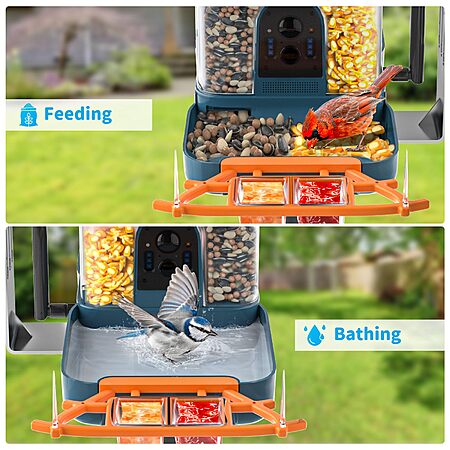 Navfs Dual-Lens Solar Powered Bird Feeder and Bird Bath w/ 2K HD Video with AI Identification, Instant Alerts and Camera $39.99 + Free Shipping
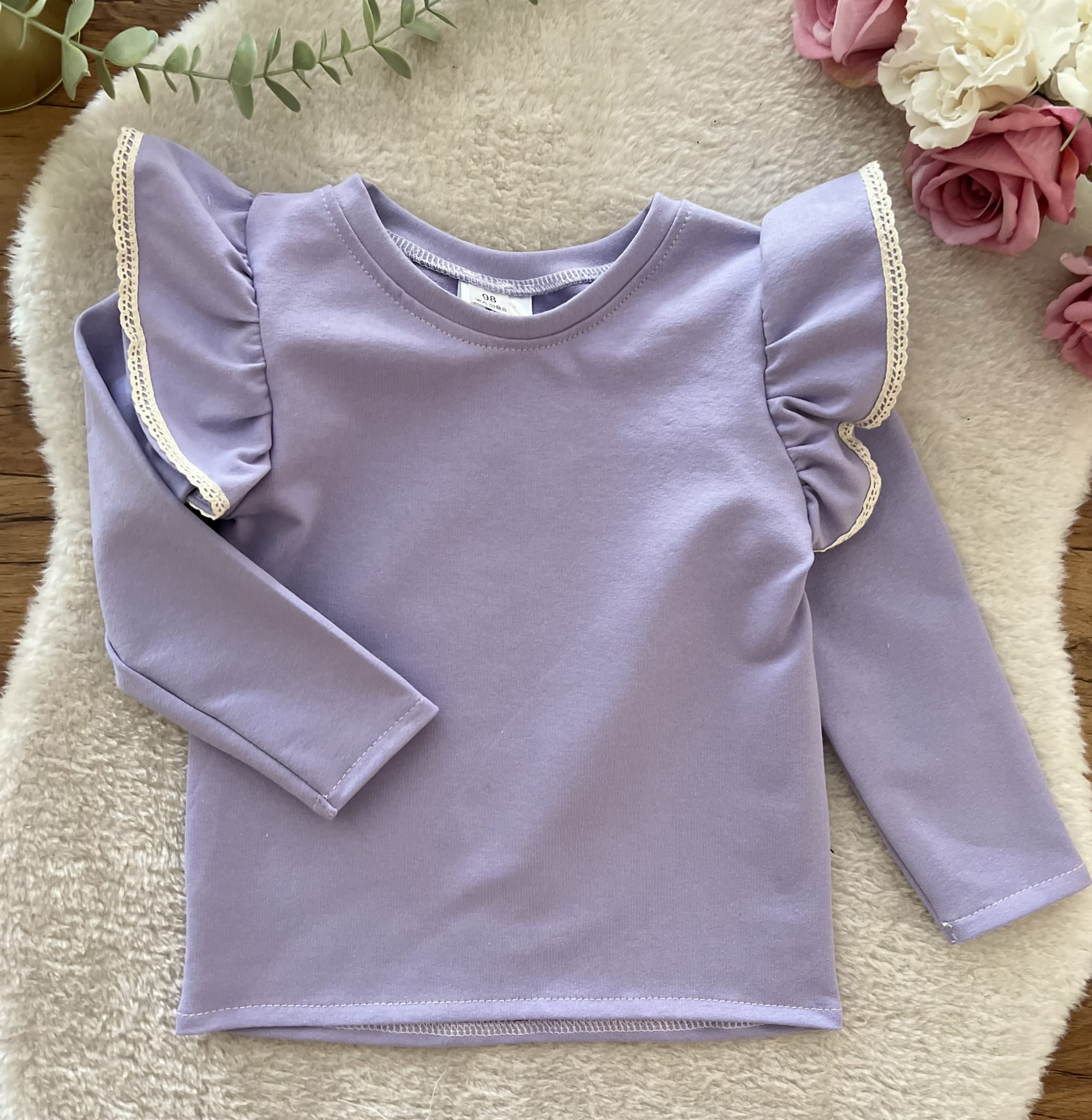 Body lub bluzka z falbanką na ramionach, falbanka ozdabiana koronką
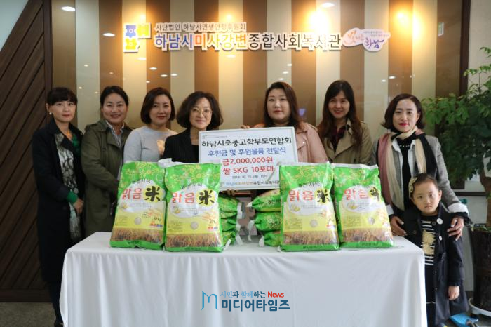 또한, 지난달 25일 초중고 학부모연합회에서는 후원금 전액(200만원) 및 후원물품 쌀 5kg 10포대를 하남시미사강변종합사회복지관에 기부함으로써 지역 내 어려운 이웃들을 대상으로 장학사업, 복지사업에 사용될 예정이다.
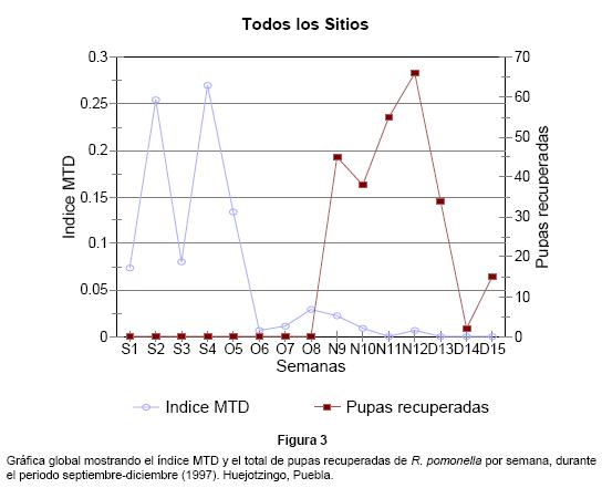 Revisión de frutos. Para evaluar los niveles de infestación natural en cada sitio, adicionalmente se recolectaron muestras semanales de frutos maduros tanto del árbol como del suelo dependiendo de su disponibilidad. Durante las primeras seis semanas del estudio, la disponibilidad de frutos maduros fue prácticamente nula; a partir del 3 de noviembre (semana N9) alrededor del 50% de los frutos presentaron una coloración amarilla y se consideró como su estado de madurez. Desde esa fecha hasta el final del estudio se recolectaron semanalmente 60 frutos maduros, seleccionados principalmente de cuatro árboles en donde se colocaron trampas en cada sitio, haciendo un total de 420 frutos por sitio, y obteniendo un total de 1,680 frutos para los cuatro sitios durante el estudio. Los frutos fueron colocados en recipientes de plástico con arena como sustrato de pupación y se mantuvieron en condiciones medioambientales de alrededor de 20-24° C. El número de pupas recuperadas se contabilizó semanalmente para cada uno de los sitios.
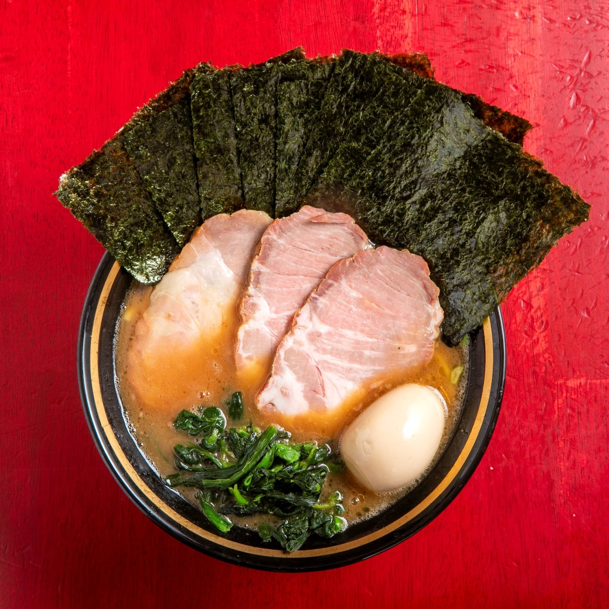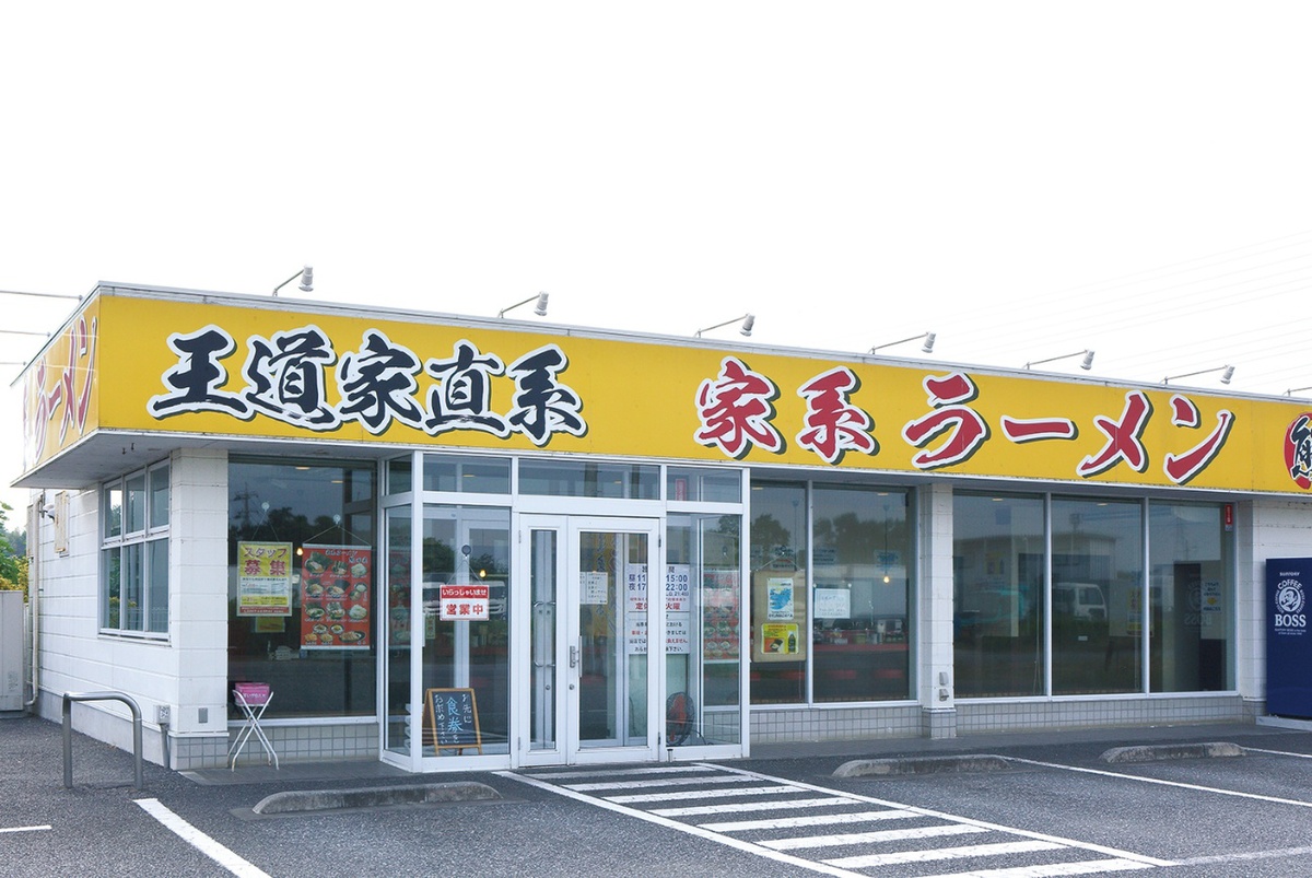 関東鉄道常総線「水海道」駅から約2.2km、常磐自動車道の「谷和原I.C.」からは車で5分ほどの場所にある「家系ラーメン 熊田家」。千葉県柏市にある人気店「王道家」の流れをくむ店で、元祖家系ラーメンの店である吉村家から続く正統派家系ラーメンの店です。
...
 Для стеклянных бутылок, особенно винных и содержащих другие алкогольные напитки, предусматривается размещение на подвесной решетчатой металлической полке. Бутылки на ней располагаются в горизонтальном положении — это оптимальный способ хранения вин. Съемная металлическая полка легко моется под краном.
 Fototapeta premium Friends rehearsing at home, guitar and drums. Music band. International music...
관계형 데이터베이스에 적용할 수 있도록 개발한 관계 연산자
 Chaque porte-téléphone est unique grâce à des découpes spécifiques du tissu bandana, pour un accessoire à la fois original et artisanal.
* * *
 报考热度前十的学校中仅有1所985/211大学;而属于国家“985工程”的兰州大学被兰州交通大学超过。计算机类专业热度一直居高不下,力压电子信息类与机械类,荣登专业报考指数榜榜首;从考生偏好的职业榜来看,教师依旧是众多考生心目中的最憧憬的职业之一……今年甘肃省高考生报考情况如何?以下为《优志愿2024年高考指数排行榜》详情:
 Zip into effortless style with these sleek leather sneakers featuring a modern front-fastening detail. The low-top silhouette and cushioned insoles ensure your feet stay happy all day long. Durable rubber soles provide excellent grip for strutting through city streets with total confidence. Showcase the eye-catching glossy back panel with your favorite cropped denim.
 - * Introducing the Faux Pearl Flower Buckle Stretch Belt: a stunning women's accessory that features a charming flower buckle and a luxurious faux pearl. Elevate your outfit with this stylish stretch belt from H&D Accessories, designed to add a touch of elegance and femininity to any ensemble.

◆ **Try it**
In the records above, find the line with "Body lub bluzka" and the line with "또한, 지난달 25일"; please transcribe exactly those two lines and all lines between them, omitting any picture.

◆ **Task output**
 Body lub bluzka z falbanką na ramionach, falbanka ozdabiana koronką
 또한, 지난달 25일 초중고 학부모연합회에서는 후원금 전액(200만원) 및 후원물품 쌀 5kg 10포대를 하남시미사강변종합사회복지관에 기부함으로써 지역 내 어려운 이웃들을 대상으로 장학사업, 복지사업에 사용될 예정이다.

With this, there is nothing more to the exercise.